There are several ways to use tretinoin for skin health, including the following:

  • Over-the-counter skin creams and gels
  • Over-the-counter eye creams and serums
  • Prescribed creams containing tretinoin and retinoic acid
  • Tretinoin peels, also known as retinoic acid peels

When you begin using any retinol product, it’s best to start with small amounts every two to three days. This gives your skin a chance to adjust to the treatment and reduce the risk of irritation.

Before applying tretinoin for scars, acne, wrinkles, or any other skin issue, make sure the skin is clean and dry.

Lightly cover the area of concern with the cream or gel, and keep away from sensitive areas like your eyes, lips, and nostrils.

Don’t combine it with any other skin products to avoid potential interactions, other than sunscreen.

Remember that it can take up to 12 weeks to notice any tretinoin results, so be patient and continue use unless you notice any adverse effects.

Research published in Dermatology and Therapy noted the following tips for minimizing retinol tolerability issues:

  • Expect that mild irritation may be part of the treatment process and usually subsides within one to two weeks.
  • Apply cream, gel, or ointment in a thin layer at a pea-sized dose.
  • Avoid over-cleaning your face and use gentle cleansers.
  • Apply topically every other day for the first two to four weeks.
  • If experiencing sensitivity, apply retinoid to your full face for 30–60 minutes and then wash off.
  • Apply with a gentle, non-comedogenic moisturizer.

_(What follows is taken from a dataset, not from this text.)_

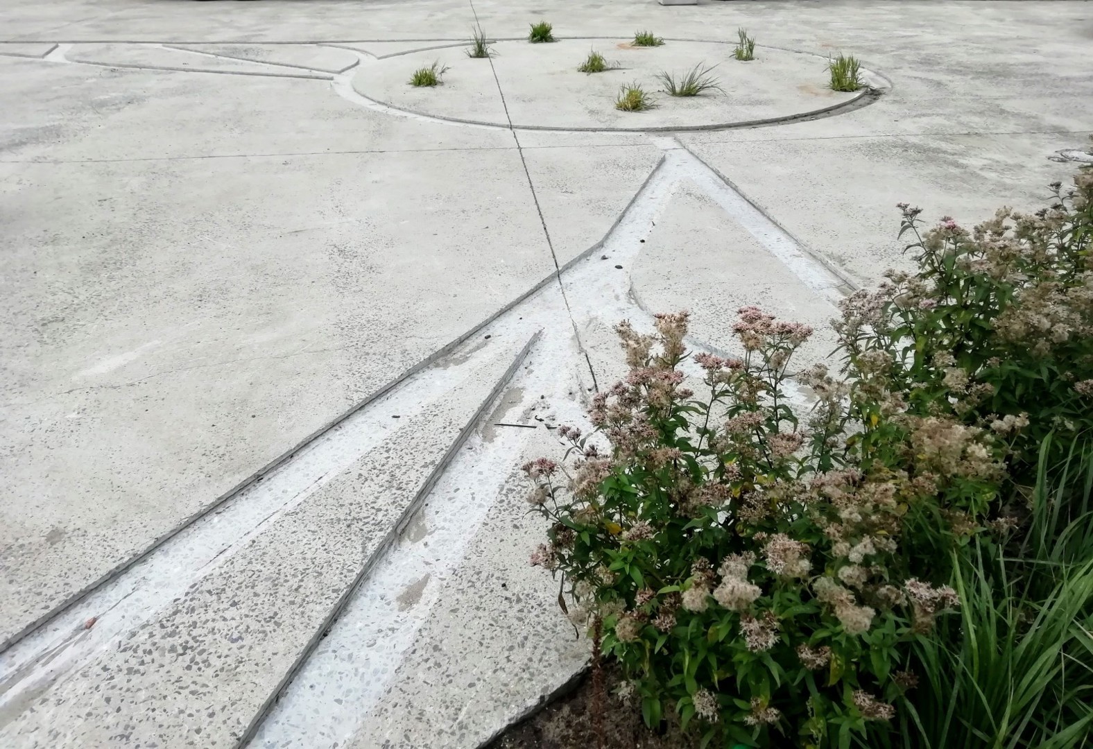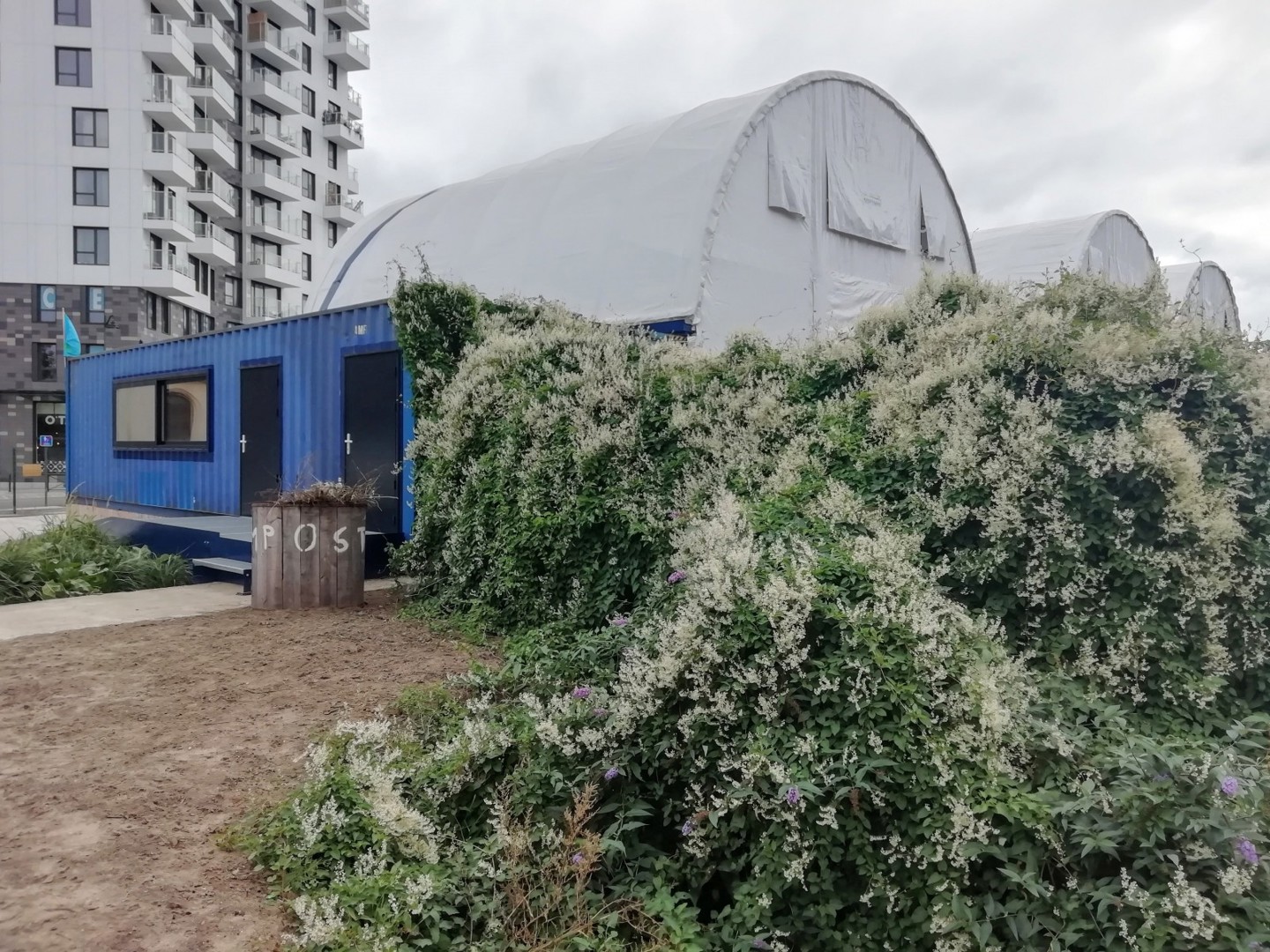 Niet echt circulair, maar wel duurzaam, is dat Molenwest Square ook voorziet in heel wat groen. Voor die groenstructuur vertrokken we van de spontane begroeiing op de site. Voor het onderhoud van al dat groen zorgen de jongen die gebruikmaken van de site.

Over-the-counter products containing the retinoid are made with lower doses and are a good starting point.

A cream or gel with 0.025 percent to 0.05 percent tretinoin is an over-the-counter, lower-dose option.

If, after several weeks, you do not notice an improvement with an over-the-counter product, you can speak to your dermatologist about being prescribed a higher strength retinol cream.

Research indicates that 12 weeks of tretinoin therapy with concentrations of 0.1 percent and 0.025 percent reduced acne lesions by 80 percent and 35 percent, respectively.

Drug Interactions

Using tretinoin with other topical medications may increase skin sensitivity, especially when exposed to the sun.

Don’t use retinol creams or ointments with skin treatments like salicylic acid or benzoyl peroxide, unless your dermatologist recommends it.

You should also avoid using products that cause dryness, such as alcohol, harsh cleansers, or other severe skin products, like cosmetics and lotions.


  • Tretinoin is a vitamin A derivative that’s used topically to improve the health and appearance of skin.
  • The retinoid is available in over-the-counter skin products, like creams, gels, and ointments, and with a prescription.
  • The most common tretinoin uses are for acne, wrinkles, burns, scars, sun damage, and skin inflammation.
  • Using topical retinoids can irritate, so it’s recommended to start with small amounts, every two to three days for 12 weeks unless you experience moderate to severe adverse effects.